According to the documentation of xGGSVD3 size(C, 2) should equal rank([A; B]), which would be min(m1+m2,r) == 2 in exact arithmetic. However, in the preprocessing step (xGGSVP3) B is first changed to B = V * [0 B12; 0 0] * Z' using QR with pivoting, a rank decision, and an RQ decomposition. Then A is updated and partitioned such that [A11 A12] = A * Z', and the whole QR+pivoting, rank decision, and RQ thing is repeated for A11. This roughly results in rank([A; B]) being computed as rank(A11) + rank(B12), which may be 3 because QR with pivoting isn't as good for rank decisions as the SVD and because rank decisions are ill-posed anyway.

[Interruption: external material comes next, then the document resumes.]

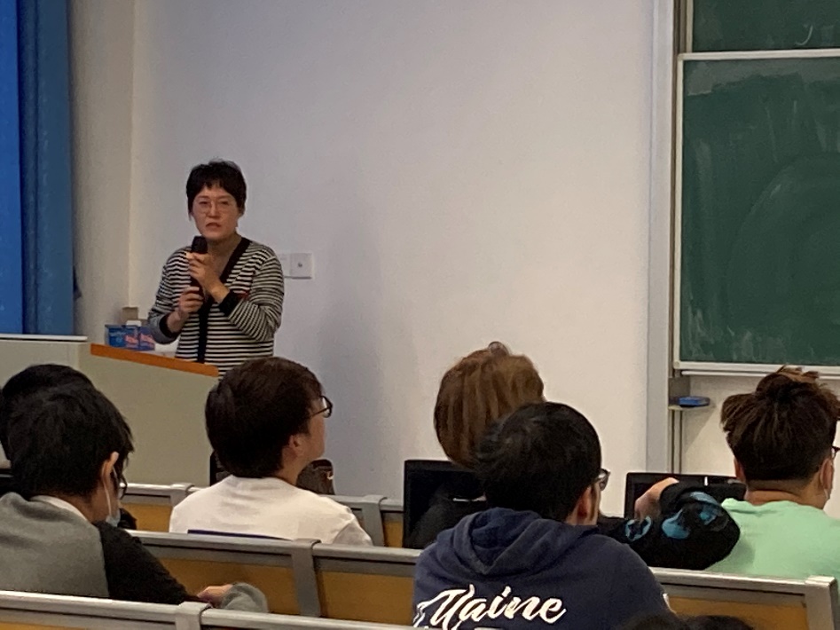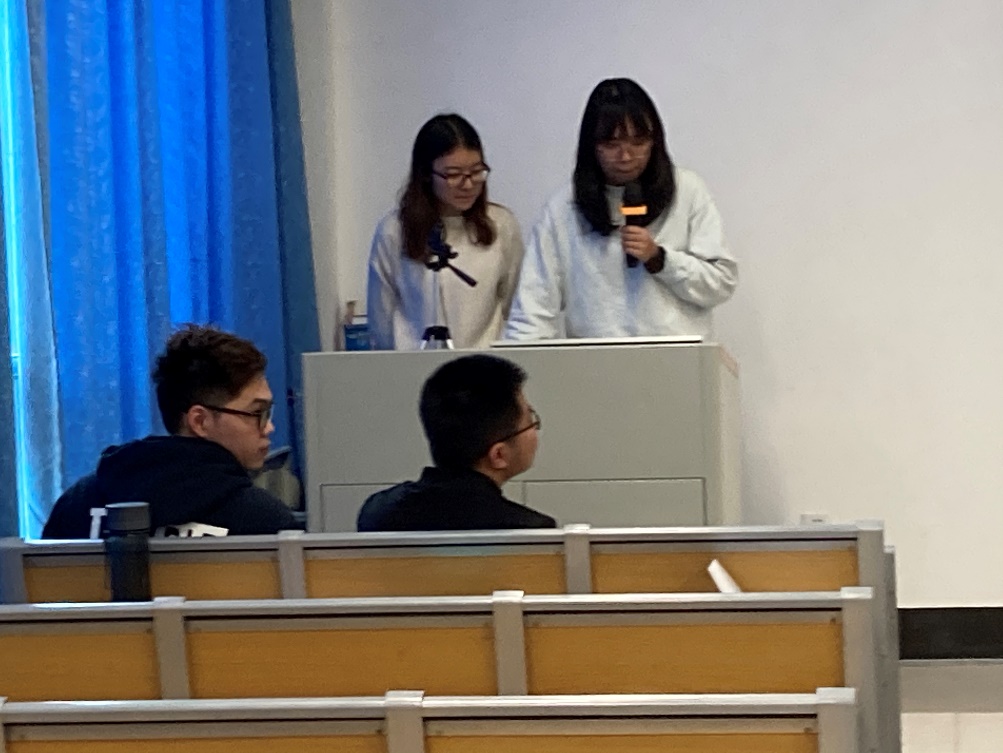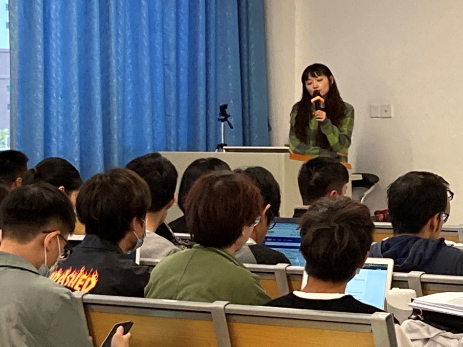 (姚诗慧、孙燕向同学们讲述文献检索的方法和经验)

The problem with xTGSJA also has to do with floating-point woes, but is unrelated otherwise. For context, xTGSJA works on n-by-n upper-triangular matrices A and B, where B is additionally nonsingular, and iterates over a bunch of 2x2 subproblems. The routine stops iterating when the rows of A and B are approximately parallel (so that A * inv(B) is approximately diagonal). The tolerance used here is quite small, something like 2 * eps() * min(norm(A), norm(B)) for the 2x2 problem from this issue. This is a problem because xTGSJA uses xLAGS2 to solve the 2x2 subproblems, but the rows of the output of xLAGS2 aren't guaranteed to be THAT close to being parallel; see Bai and Demmel '93 for details.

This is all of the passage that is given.